Material provided -

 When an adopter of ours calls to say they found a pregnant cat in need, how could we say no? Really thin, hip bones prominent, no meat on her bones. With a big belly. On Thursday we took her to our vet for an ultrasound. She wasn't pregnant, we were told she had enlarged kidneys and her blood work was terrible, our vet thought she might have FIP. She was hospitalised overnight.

---

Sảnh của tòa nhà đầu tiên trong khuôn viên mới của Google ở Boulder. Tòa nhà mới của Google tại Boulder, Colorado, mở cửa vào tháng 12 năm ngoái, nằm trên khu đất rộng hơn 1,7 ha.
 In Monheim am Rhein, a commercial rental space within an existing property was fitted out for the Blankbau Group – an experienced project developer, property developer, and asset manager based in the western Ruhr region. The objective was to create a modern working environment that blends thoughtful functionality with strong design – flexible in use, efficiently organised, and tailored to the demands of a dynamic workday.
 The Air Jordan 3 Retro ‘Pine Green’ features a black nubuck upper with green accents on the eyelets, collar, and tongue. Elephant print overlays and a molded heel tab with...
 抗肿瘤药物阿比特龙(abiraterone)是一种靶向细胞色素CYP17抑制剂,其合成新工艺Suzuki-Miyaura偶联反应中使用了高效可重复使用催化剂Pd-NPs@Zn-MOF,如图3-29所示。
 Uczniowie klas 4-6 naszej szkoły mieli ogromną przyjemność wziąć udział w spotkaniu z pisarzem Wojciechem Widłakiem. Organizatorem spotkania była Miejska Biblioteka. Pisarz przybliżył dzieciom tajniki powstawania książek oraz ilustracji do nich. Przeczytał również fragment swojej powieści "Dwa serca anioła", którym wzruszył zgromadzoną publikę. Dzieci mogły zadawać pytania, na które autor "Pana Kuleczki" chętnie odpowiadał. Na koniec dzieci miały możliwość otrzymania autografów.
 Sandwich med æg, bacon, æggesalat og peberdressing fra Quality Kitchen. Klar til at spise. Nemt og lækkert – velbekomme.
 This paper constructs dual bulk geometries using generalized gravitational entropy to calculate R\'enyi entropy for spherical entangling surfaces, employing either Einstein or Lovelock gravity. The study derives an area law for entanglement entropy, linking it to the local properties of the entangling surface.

Aim of the task - Take the line above containing "抗肿瘤药物阿比特龙(abir", the line containing "This paper constructs", and all lines in between, and copy them exactly without anything else.

Result -
 抗肿瘤药物阿比特龙(abiraterone)是一种靶向细胞色素CYP17抑制剂,其合成新工艺Suzuki-Miyaura偶联反应中使用了高效可重复使用催化剂Pd-NPs@Zn-MOF,如图3-29所示。
 Uczniowie klas 4-6 naszej szkoły mieli ogromną przyjemność wziąć udział w spotkaniu z pisarzem Wojciechem Widłakiem. Organizatorem spotkania była Miejska Biblioteka. Pisarz przybliżył dzieciom tajniki powstawania książek oraz ilustracji do nich. Przeczytał również fragment swojej powieści "Dwa serca anioła", którym wzruszył zgromadzoną publikę. Dzieci mogły zadawać pytania, na które autor "Pana Kuleczki" chętnie odpowiadał. Na koniec dzieci miały możliwość otrzymania autografów.
 Sandwich med æg, bacon, æggesalat og peberdressing fra Quality Kitchen. Klar til at spise. Nemt og lækkert – velbekomme.
 This paper constructs dual bulk geometries using generalized gravitational entropy to calculate R\'enyi entropy for spherical entangling surfaces, employing either Einstein or Lovelock gravity. The study derives an area law for entanglement entropy, linking it to the local properties of the entangling surface.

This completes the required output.